The recording material may be of, for example, the phase-change
type, or of any other material. Information may be recorded in the
form of optically detectable regions, also called marks, on the
recording layer 3. The apparatus comprises a radiation source 4,
for example a semiconductor laser, for emitting the radiation beam
5. The radiation beam is converged on the recording layer 3 via a
beam splitter 6, an objective lens 7 and the substrate 2. The
recording medium may alternatively be air-incident, the radiation
beam then being directly incident on recording layer 3 without
passing through a substrate 2. Radiation reflected from the medium
1 is converged by the objective lens 7 and, after passing through
the beam splitter 6, falls on a detection system 8 that converts
the incident radiation in the electric detector signals. The
detector signals are applied to a circuit 9. The circuit 9 derives
several signals from the detector signals, such as a read signal
S.sub.R representing the information being read from the recording
medium 1. The radiation source 4, the beam splitter 6, the
objective lens 7, the detection system 8, and circuit 9 together
form a read unit 90.
[0034] The read signal from the circuit 9 is processed in a first
processor 10 in order to derive signals representing a read
parameter from the read signal. The derived signals are fed to a
second processor 101 and subsequently to a third processor 102
which processors process a series of values of the read parameter
and derive there from a value for a write power control signal
necessary for controlling the laser power level.
[0035] The write power control signal is applied to a control unit
12. An information signal 13, representing the information to be
recorded on the recording medium 1, is also fed to the control unit
12. The output of the control unit 12 is connected to the radiation
source 4. A mark on the recording layer 3 can be recorded by a
single radiation pulse, the power of which is determined by the
optimum write power level (P.sub.opt) as determined by the
processor 102. Alternatively, a mark can be recorded by a series of
radiation pulses of equal or different length and one or more power
levels determined by the write power control signal.
[0036] A processor is understood to mean any means suitable for
performing calculations, for example a microprocessor, a digital
signal processor, a hard-wired analog circuit, or a field
programmable circuit. Moreover, the first processor 10, the second
processor 101 and third the processor 102 may be separate devices
or, alternatively, may be combined into a single device executing
all three processes.
[0037] When an apparatus according to an embodiment of the
invention before recording information on the recording medium 1
uses an initial OPC step of writing of data and subsequently
erasing said data, prior to the actual OPC steps, the apparatus
sets its write power (P.sub.w) to a safe best guess value (for
example, P.sub.ind*rho (.rho.); the parameters P.sub.ind and rho
(.rho.) being read from an area containing control information
indicative of a recording process on the recording medium itself).

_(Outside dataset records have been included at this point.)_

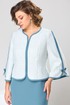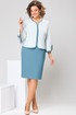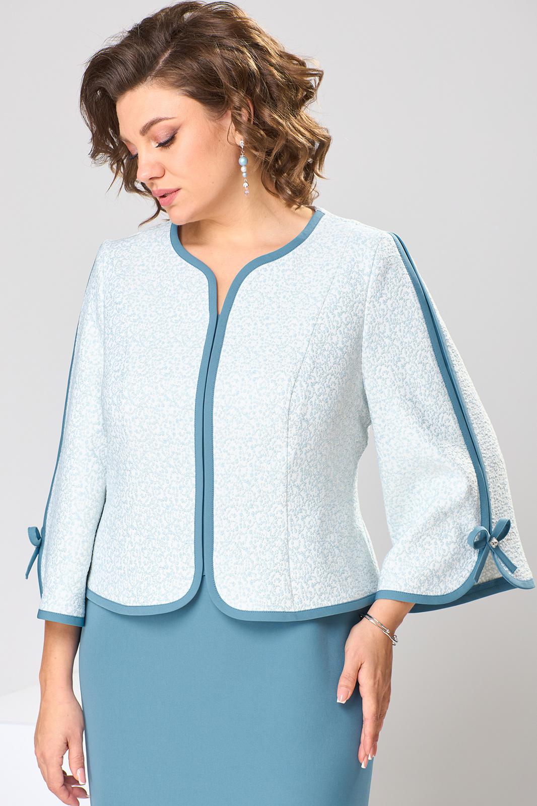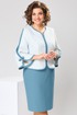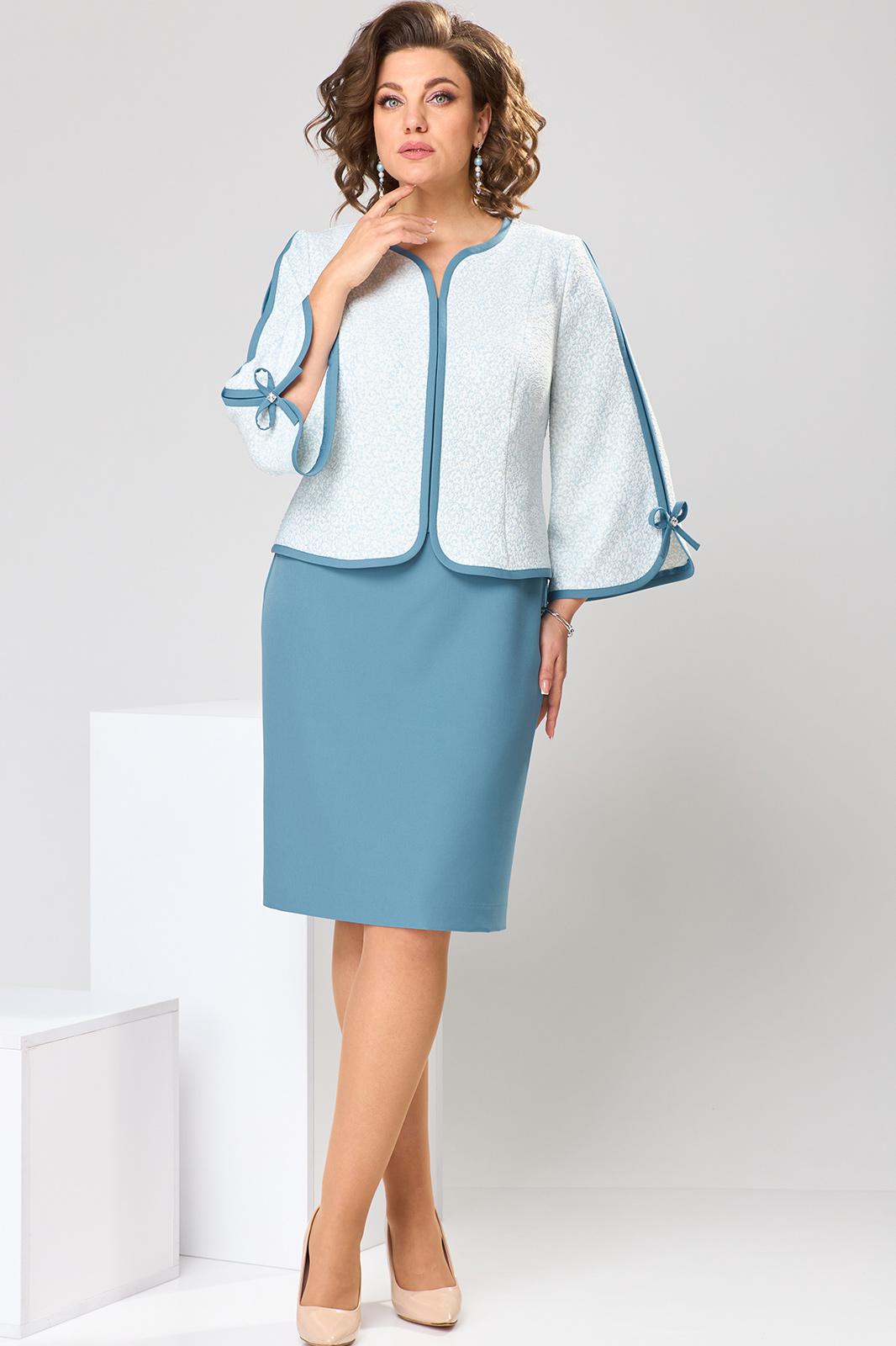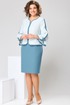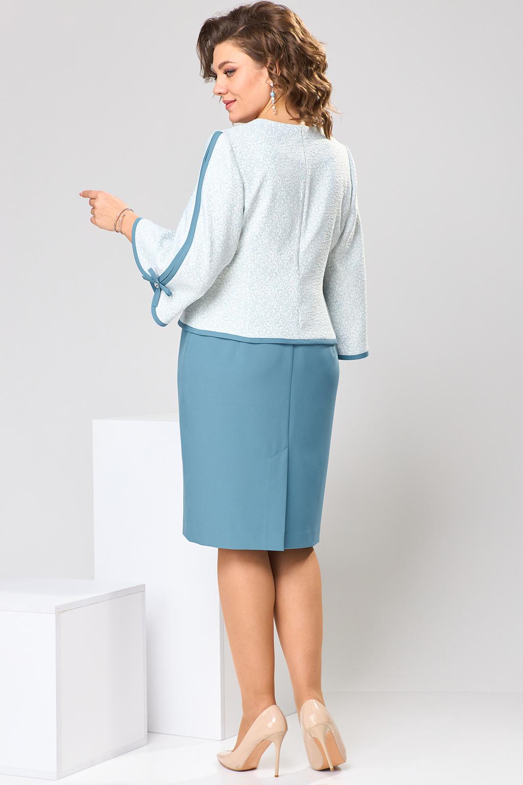Платье женское, относится к торжественной одежде. Платье женское, полуприлегающего силуэта, длиной за колено. Платье отрезное по линии талии, выполнено имитацией костюма. Верхняя часть переда с 2-мя отрезными рельефами, выходящими из плечевых швов. Верхняя часть спинки с 2-мя отрезными бочками и средним швом. Застёжка на потайную тесьму-молнию в среднем шве спинки. Горловина фигурная. Припуски горловины среднего шва переда и низа верхней части обработаны косой бейкой шириной 1-1 см. Рукав 2-х шовный, втачной, длиной 7/8. припуски верхнего шва рукава и низа обработаны косой бейкой, шириной 1,1 см. Рукав декорирован пришивным бантом со стразой. Нижняя часть переда без конструктивных особенностей нижняя часть спинки с 2-мя таллиевыми вытачками и средним швом, заканчивающимся шлицей. Платье на подкладке отрезной по линии талии. Платье с плечевыми накладками. Длина спинки платья 99 см, длина рукава 49 см.
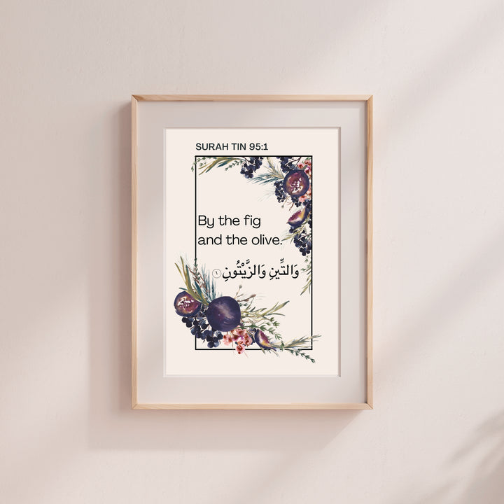 Inspired by the sacred mention of figs (At-Teen) in the Qur’an, this hand-painted print is a tribute to one of nature’s most cherished fruits—symbolizing wisdom, nourishment, and divine blessings. A reminder of Allah’s perfect creation, the fig has been celebrated for its beauty, richness, and spiritual significance for centuries.
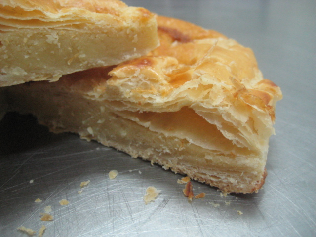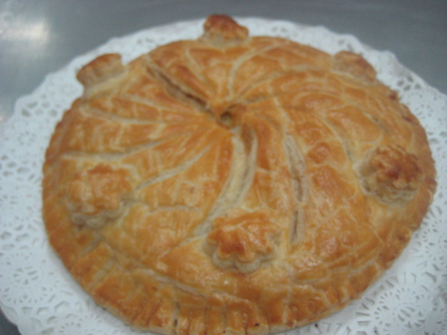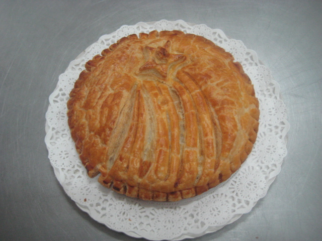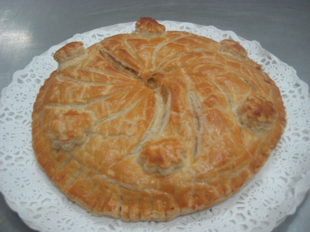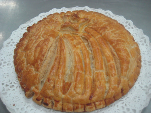 Preparación: Para hacer la crema franchipán o frangipane, batir la mantequilla con el azúcar hasta que esté cremosa. Luego ir añadiendo los huevos uno a uno, de manera que hasta que no esté bien incorporado uno, no se agrega el otro. Yo lo he hecho con la pala mezcladora de la batidora y ha quedado muy bien. Luego añadir las almendras mezcladas con la harina y el azúcar avainillado. Batir hasta que esté todo mezclado y reservar. Si se desea se puede emplear esencia de almendras y se añaden unas gotitas al batido de mantequilla. Estirar dos laminas de hojaldre sobre la superficie enharinada y cortar dos círculos, uno de 20 cm y el otro de unos 25 cm. El más pequeño lo ponemos en la bandeja del horno y con el huevo batido del acabado, pintar un anillo de unos 2 cm junto al borde de la masa base. Poner el relleno o crema frangipane dentro de dicho anillo, si queremos podemos usar una manga pastelera. Tapar luego con la otra lamina y presionamos todo el borde, justo por donde hemos pintado para sellar ambas partes. Con un tenedor cerramos toda la circunferencia de la galette. Hacer un agujerito en el centro de la tapa para que la masa saque el vapor, pincelar con huevo y refrigerar durante unos 30 minutos. Precalentamos el horno a 200º con calor arriba abajo. Sacamos la galette de la nevera y dibujamos sobre la masa, con ayuda de un cuchillo, la figura que nos guste. Pintamos con huevo de nuevo si fuese necesario. Hornear 10 minutos a 200º C. Luego bajar a 170-180 º C y seguir cociendo hasta que la masa esté dorada y haya subido. Sacar del horno la galette, subimos de nuevo a 200º C el horno, espolvoreamos con azúcar y horneamos un par de minutos más. Sacar del horno y colocar sobre una rejilla hasta el momento de servir.
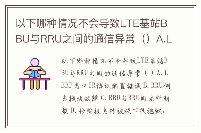 以下哪种情况不会导致LTE基站BBU与RRU之间的通信异常()A.LBBP光口IR协议配置错误 B.RRU侧光模块故障 C.BBU与RRU间光纤断裂 D.传输板光纤被拔下
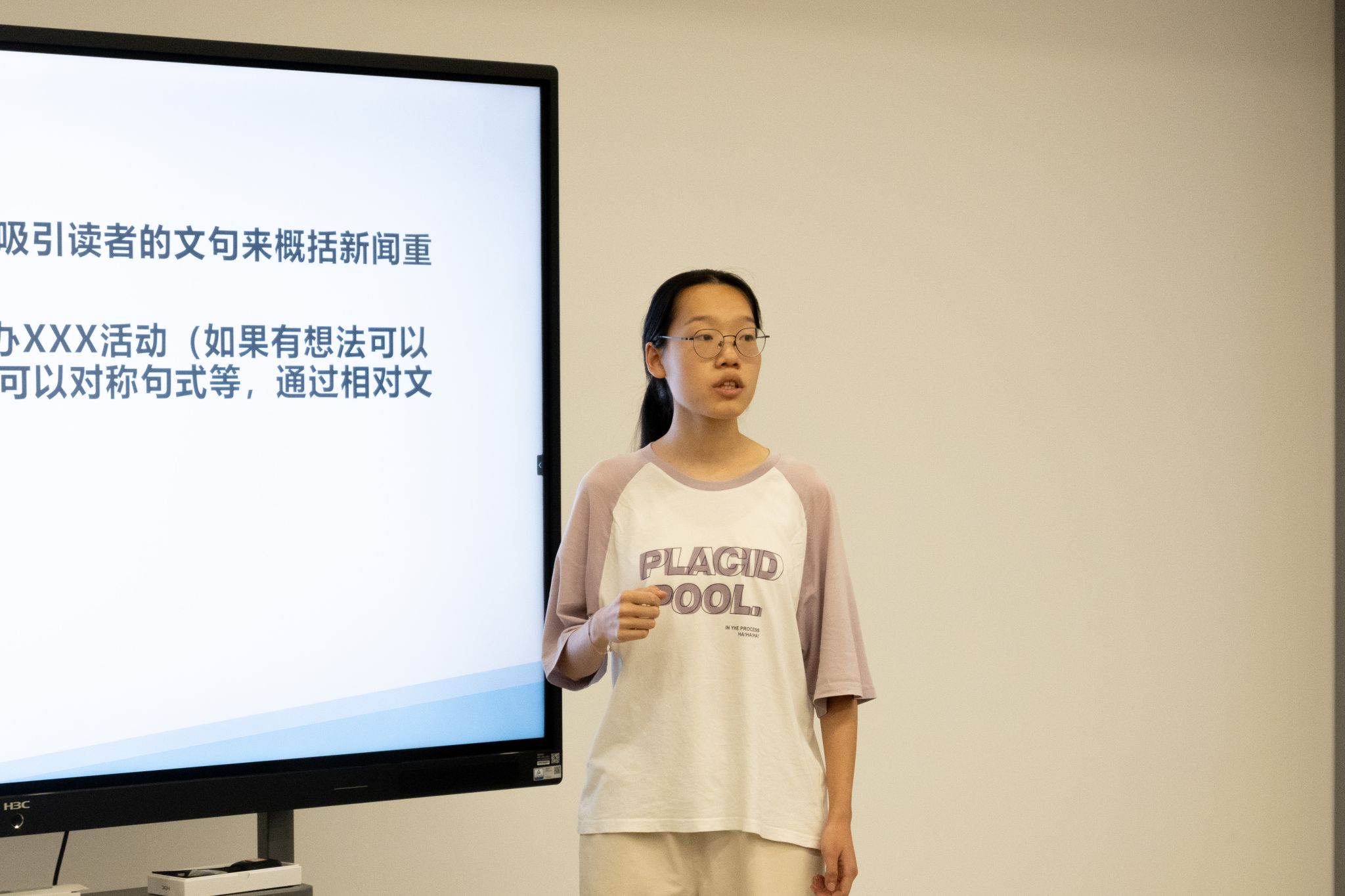 社会实践部负责人进行安全教育培训,为同学们敲响安全警钟,将“安全第一”深植于心。新闻编辑部负责人为大家梳理新闻稿撰写要点,讲解如何捕捉实践亮点,用文字和镜头记录精彩瞬间。
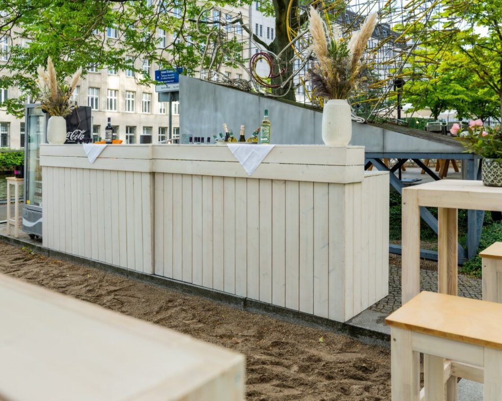 Besonders: Die gesamte Holzserie wird bei uns inhouse entworfen und produziert – echtes #handmade für höchste Qualität und individuelles Design. Sämtliches Mietmobiliar ist sowohl für den Indoor- als auch Outdoor-Einsatz geeignet und bietet maximale Flexibilität.
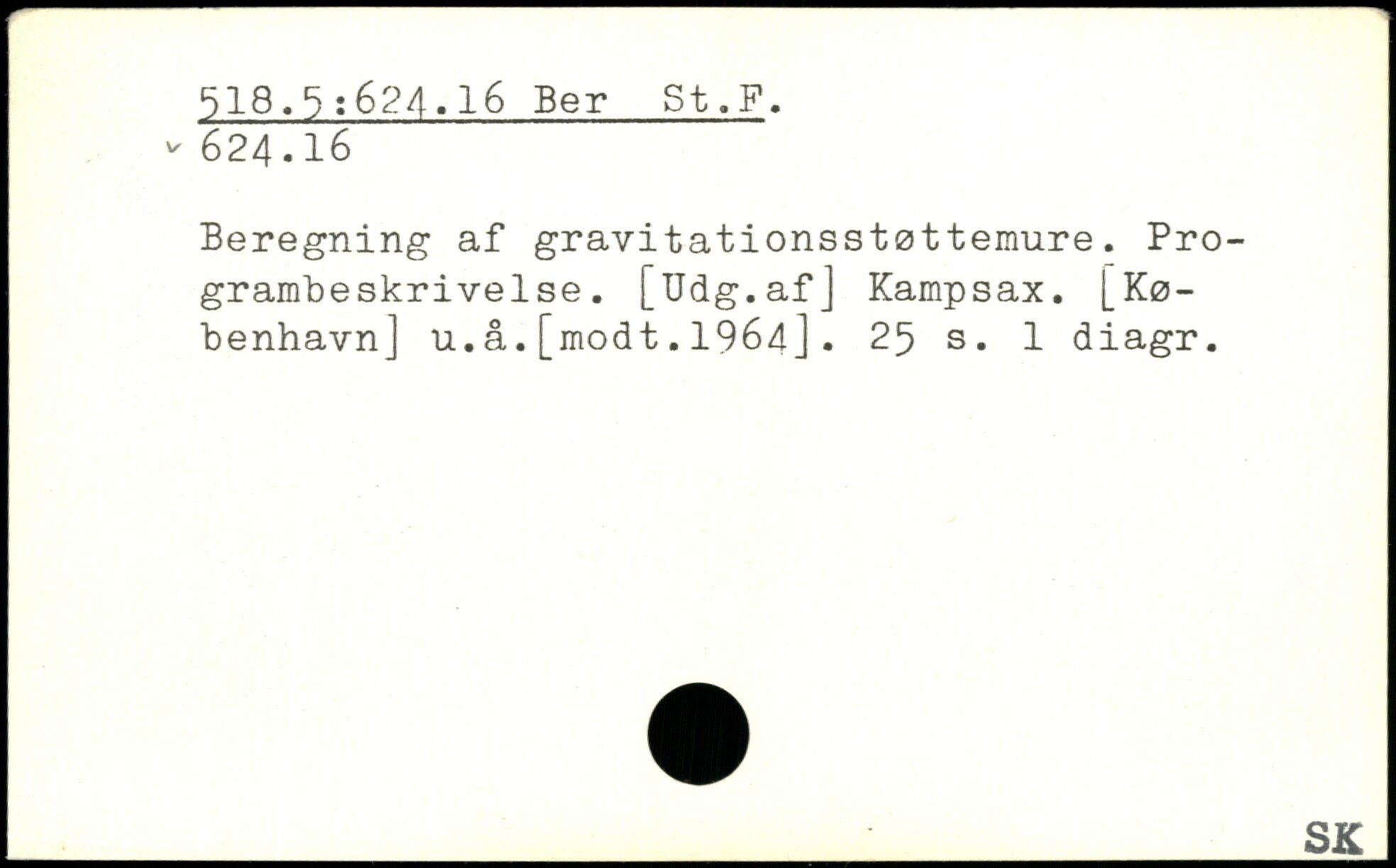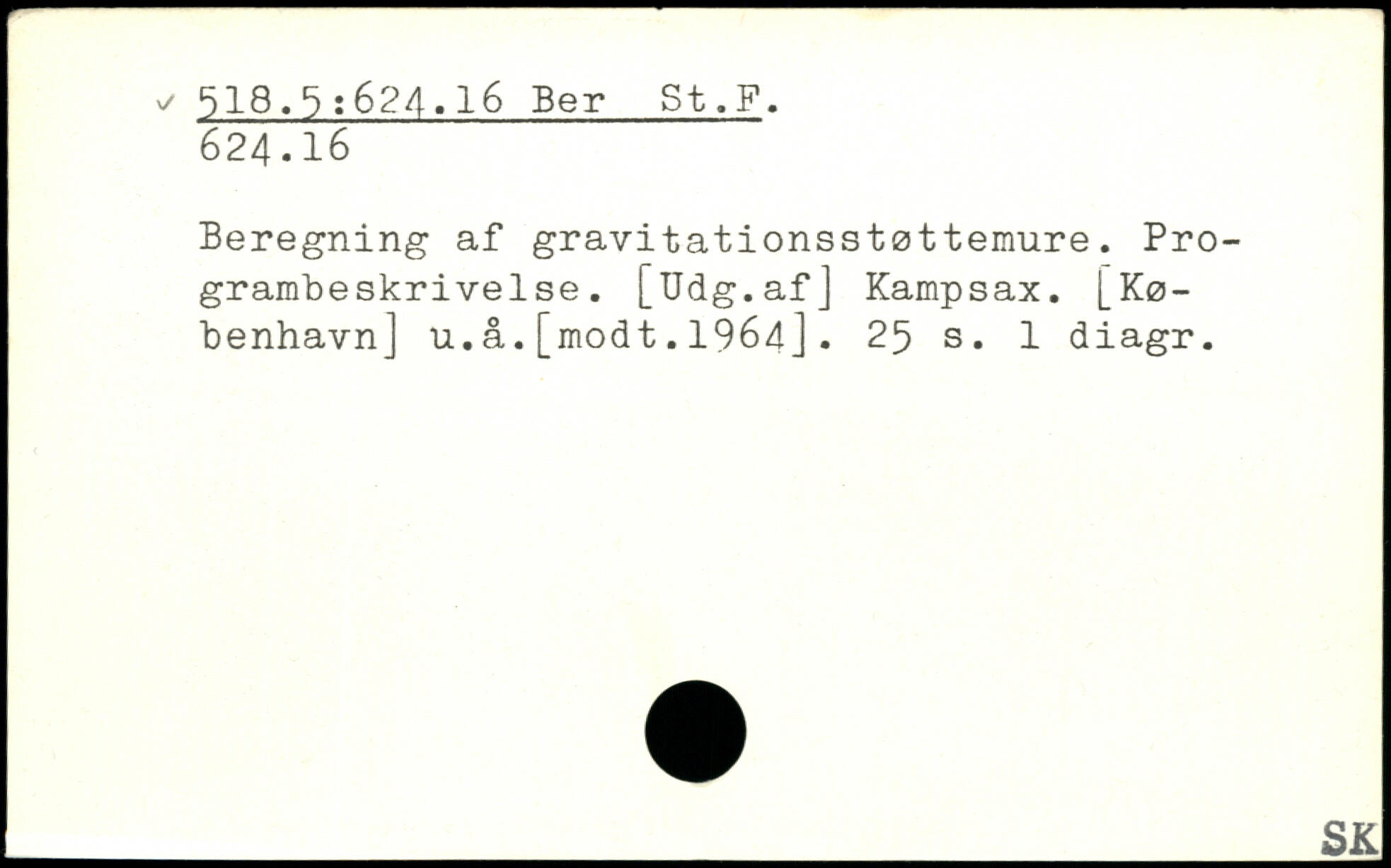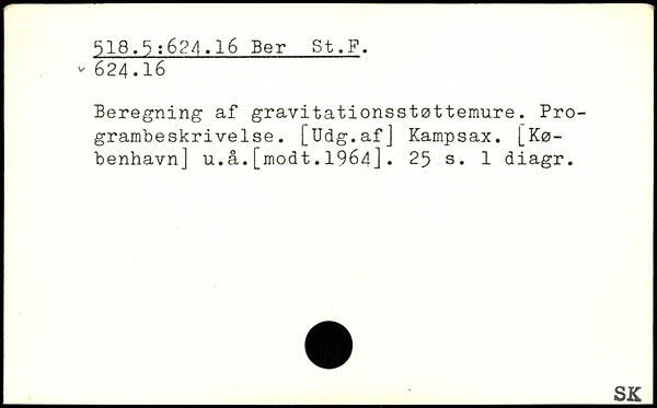 Beregning af gravitationsstøttemure. Programbeskrivelse. [Udg.afJ Kampsax. [København] u.å.[modt.1964].
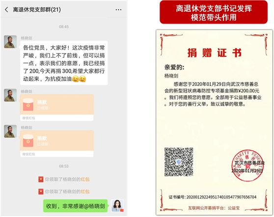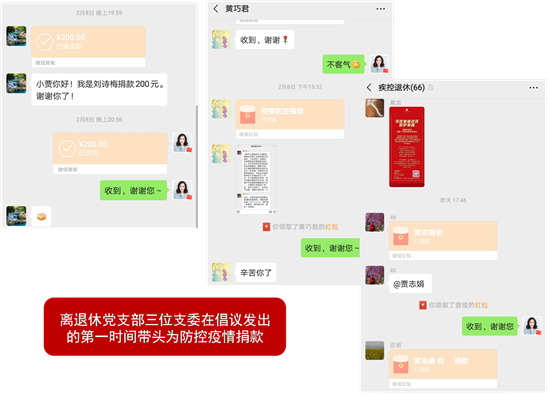 一些老同志不会用手机转账,看到捐款倡议,第一时间电话给退管干部委托他人代捐,待后面疫情结束后再补交现金过来;中心80多岁的高振华老站长,去年刚刚做了两次大手术,术后治疗经济压力很大,但他还是积极参与捐款,为抗击疫情出自己的一份力量;为了捐款,一些老同志开始学习发微信红包,向家里的小辈请教……“涓涓细流汇成大海,点点星光点亮银河”,每一笔捐款都饱含着对一线防疫工作者最真挚的关爱。
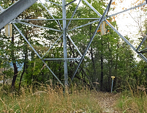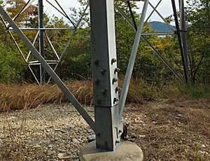 | 大きな鉄塔 12:21 鉄塔の足に腰かけて休憩 その前に、文字の薄れた中電の指標 「大畑分岐線」や「No.3」「No.1,2」の文字が薄れていた |
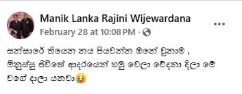 මේ වන විට වෙනව ජිවිතයක් ගත කරන ඇය සිය මුහුණු පොතෙන් නිරන්තරයෙන් සිය දුක ප්රකාශ කරනවා.
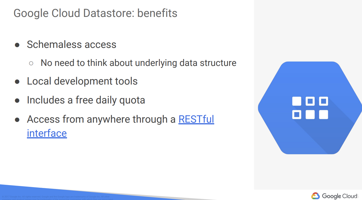 - 데이터 스토어는 매일 무료 quota 가 있으며 sql 쿼리문과 비슷한 코드를 사용한다.

One of the ways according to the present invention to avoid
inconsistent OPC-results is, for example, to do an initial write
and subsequent DC-erase prior to the actual OPC steps.
[0038] It is noted that the initial step of writing of data and the
subsequent erasing of said data may be performed under the control
of the control unit 12, or, alternatively, under the control of an
additional control unit (not shown in FIG. 1).
[0039] In FIGS. 2 and 3 it is shown that, by applying one, or even
better two, initial writes an OPC-result is obtained that is close
to the OPC-result obtained when the OPC procedures is performed
over a DOW10-written part. Therefore a consistent OPC-result can be
obtained on both empty and written parts. DOW means Direct
OverWrite (that is, directly writing over a previously written part
without a preceding step of erasing the previously written part)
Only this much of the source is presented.